Стены надвигались на Вику, она четко различила фрагменты фресок, прикрытые грязной штукатуркой, раньше она не видела эти изображения над окнами, она еще раз взглянула на Каменских. Марк Семенович бережно укрыл головы своих женщин рукой, другой накрыл их, словно боялся проснуться уже без них.
Клоссер вынес из помещения факел и позвал Вику.
Она побежала домой, как только церковь скрылась за поворотом дороги. Клоссер не погнался за нею.
Павла Павловича Вика подстерегла в огороде, у туалета. Окликнув его, она рассказала о вчерашнем, о Каменских, о полусотне людей, томящихся в церкви неподалеку.
Павел Павлович заметно похудел за последнее время, кожа на нем висела, он был бледен и рассеян.
– Деточка, таких вещей больше не предпринимай, это ты не можешь, это ты не в силах.
– Павел Павлович, я в силах, в силах. Павел Павлович, здесь где-то должна быть библиотека, то есть церковные документы, монастырские...
– В поселке может и не быть, это же дела такие... А зачем?
– Ходы, понимаете. Ася рассказывала, что церковь эта была главной храмовой церковью монастыря, вы не видели, там на подъеме даже корни монастырской стены сохранились. Там лазы должны быть, дорогой, замечательный Павел Павлович!
Хирург закусил губу, закивал сам себе.
– Как же их искать?
Викин мозг работал виртуозно.
– Может, спросить у стареньких, кто здесь давно живет, кто до революции здесь жил?
– Ай, умница.
Стали искать старожилов Ходжока. Помог Саша Оношенко. Его семья жила в Ходжоке испокон веков, когда еще речка подходила к самому верхнему поселку, так говорила ему прабабка.
Он привел Вику к себе, в низкую покосившуюся хибарку, пол которой под ногами не только проминался, но и буквально шатался, как качели.
– Стой, а фрицы? – шепнула Вика, переступив было порог.
– Нет сейчас никого, все на выезде. Они что-то строят за садами, в той стороне, где старые шахты.
Саша Оношенко, за ним Ренат вошли в темный коридорчик, прошли вперед Вики в угол, где оказалась дверь.
– Они в том доме живут, – добавил Ренат, – Иди не бойся.

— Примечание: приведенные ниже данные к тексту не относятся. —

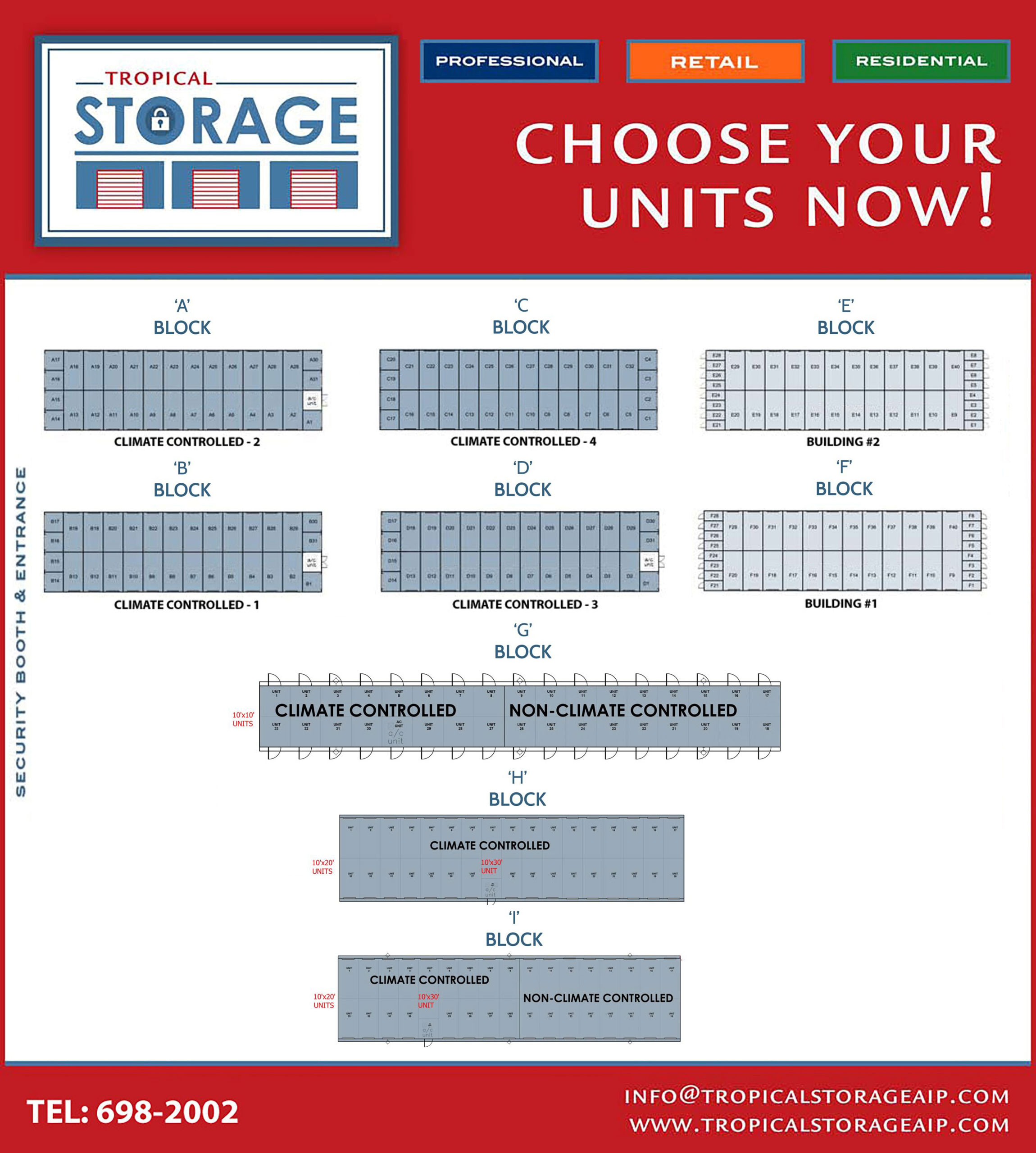 Need more space? Do you need a place to keep the files that are cluttering up the office. Tropical Storage can put your mind at ease with our fire resistant climate controlled units. Click here to reserve your unit.
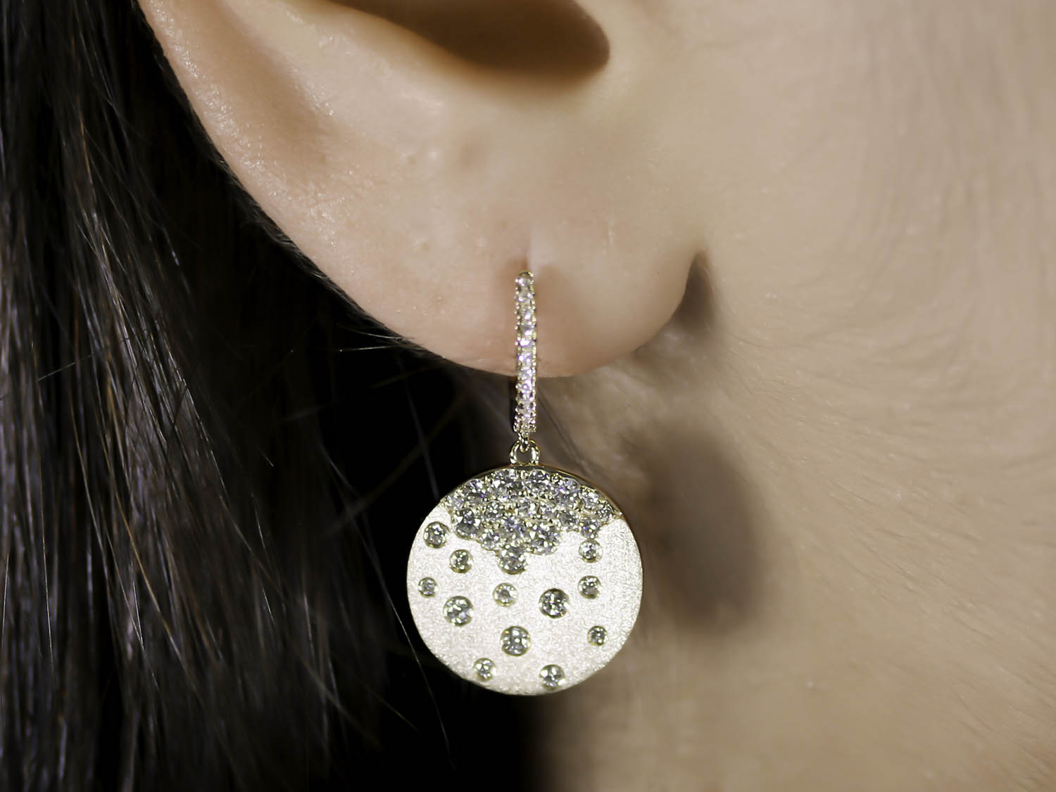 Diamond discs dangle from hoop earrings
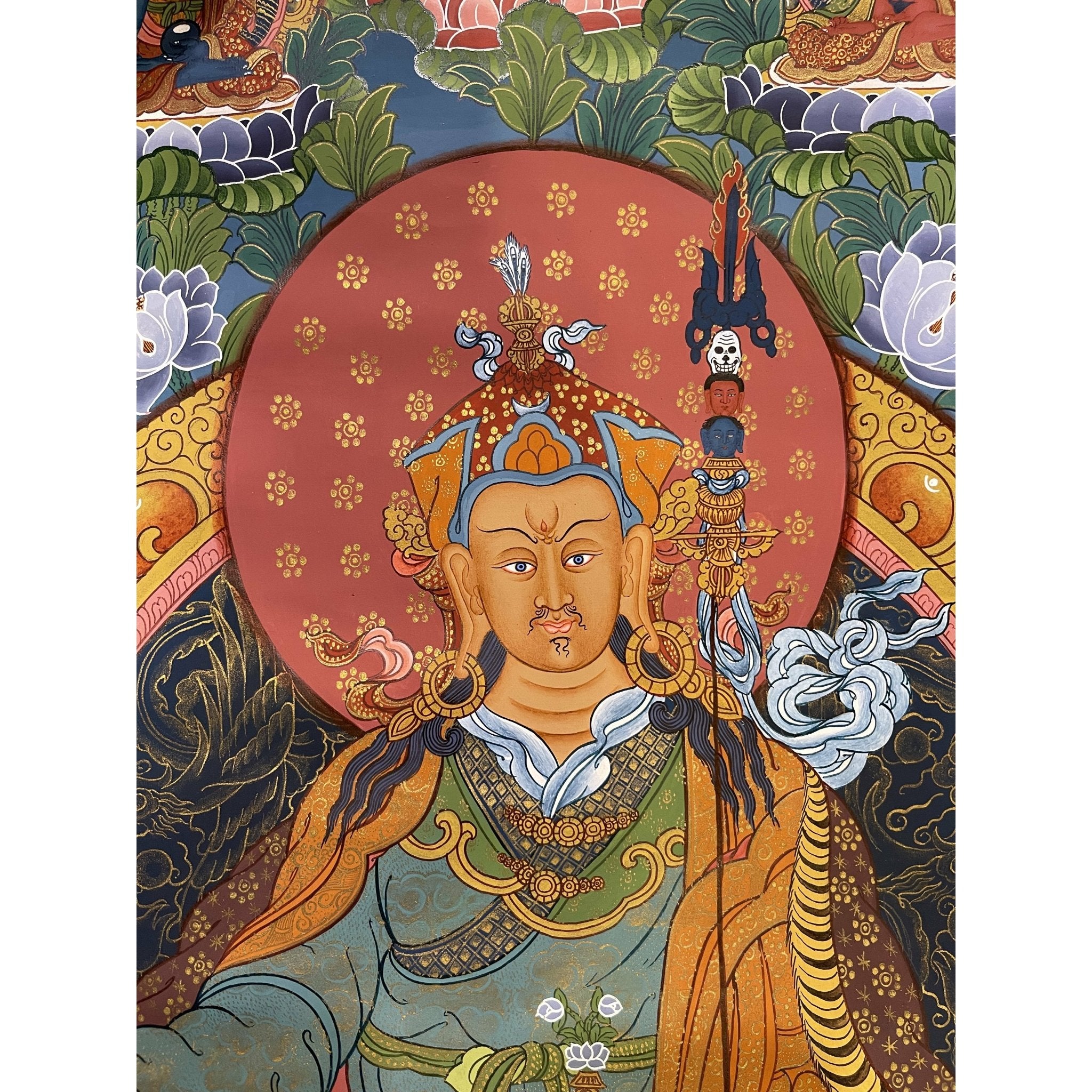 A Sacred Addition to Your Space This Guru Rinpoche Thangka radiates tranquility and spiritual depth. Its intricate details, vibrant colors, and symbolic imagery make it not just a decorative piece, but a powerful tool for meditation and personal growth.
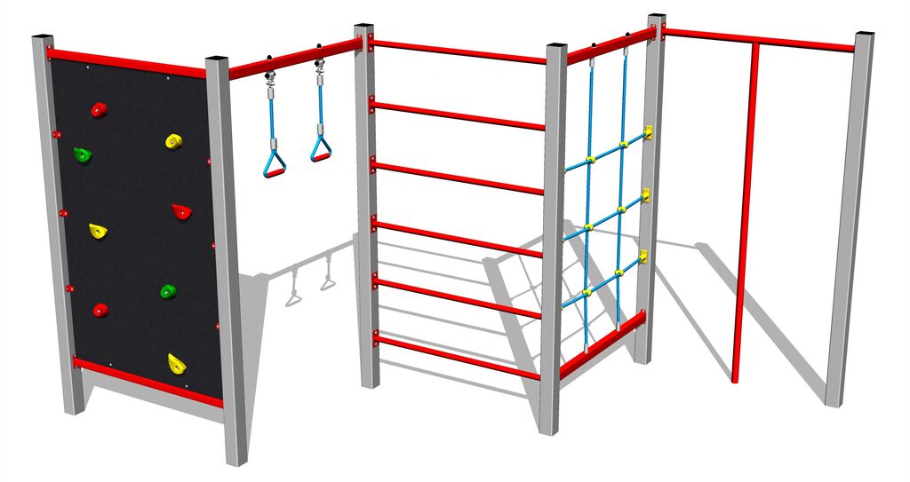 Climbing wall, 2x swinging rope loop, Swedish ladder, climbing net, climbing pole. More information
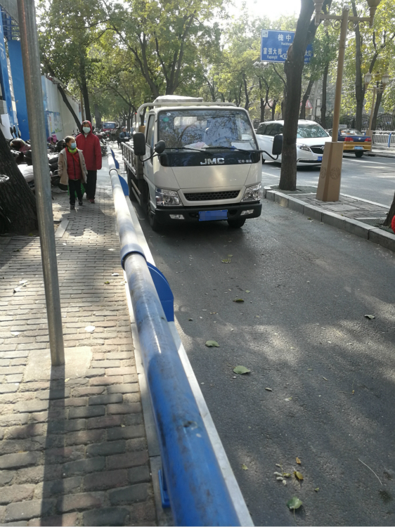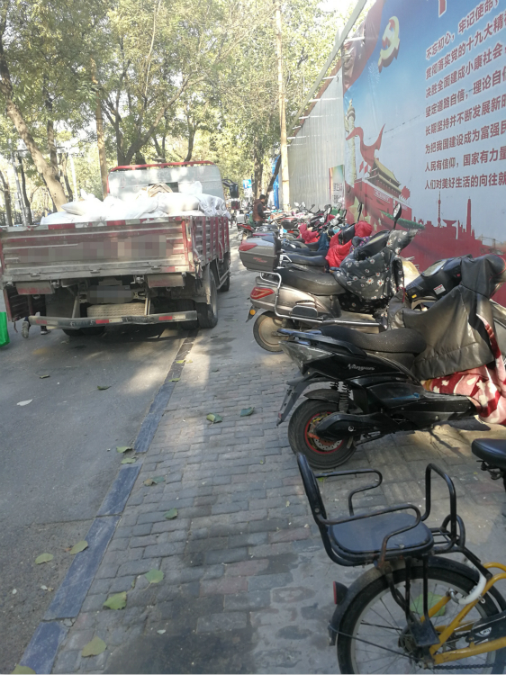 8日中午,筆者來到經(jīng)貿(mào)大學(xué)東苑小區(qū)西門,很多裝修工人將摩托車停放在便道上,貨車直接就停放在非機(jī)動(dòng)車道,占據(jù)了車道多半邊,電動(dòng)車只能小心行駛,而路過的行人在夾縫中艱難穿行,非常危險(xiǎn)。
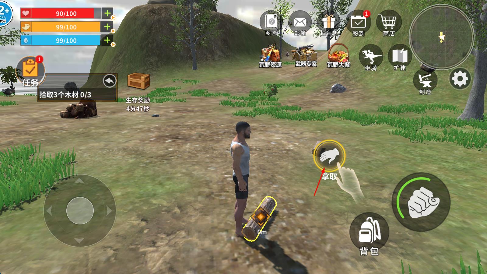 1、收集远古地图内的各种生存资源维持生存。
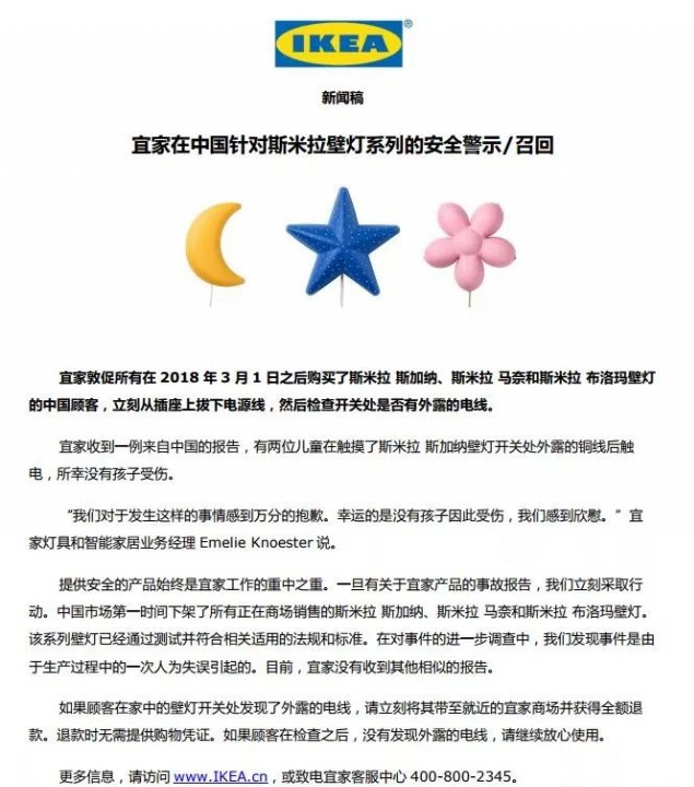 9月19日,宜家中國網(wǎng)站發(fā)布公告,宣布召回斯米拉(SMILA)系列3款兒童燈具(分別為斯加納、馬奈、布洛馬)。

Прабабка Оношенко была действительно древняя, то, что надо. Саша приступил к ней от порога, не дав старухе разглядеть вошедших.
– Бабуля, вот монастырь был в верхнем поселке...
Старуха, тощая, чернолицая от старости, как стены дома, с гармошкой морщин и заметным пушком над верхней губой, пахнущая ветхим трухлявым деревом, посмотрела на Вику и вдруг быстро скороговоркой стала объяснять.
– На утесе, вона там, а как же, знаменитый Успенский монастырь, туда до революции со всего Кавказа и аж с Дона православные сходилися. Помню, был там настоятелем святой Филарет, лечил людей, люди к нему месяцами ждали черед. А он, батюшка, ласково посмотрит, с добрым сердцем выслушает, говорит, иди, матушка, домой, молись, все тебе воздастся. Сам Господь Бог через него чудеса творил, Филаретом его звали. Он и схоронен там, в пещерах.
Вика напрягла слух до боли в скулах, впилась в бабушку Оношенко глазами.
– А где же это?
– Не время сейчас к чудотворцу ходить, хотя оно то и надо ба.
Вика присела на корточки возле старушки, положила ей ладони на колени.
– Ишь черноглазая, твоя что ля, Санек?
Саша Оношенко смутился, сказал, что Вика его одноклассница, а Ренат Лавочкин ревниво следил за тем, как двигаются его влажные яркие губы.
– Бабушка, а ходы те можно найти? Вы сами там были?
– Ходили. Я-то перед революцией, в ампиралистическую, замуж вышла. Так ходила просить, чтобы мужа маво не убило на фронте. Тяжелая я была.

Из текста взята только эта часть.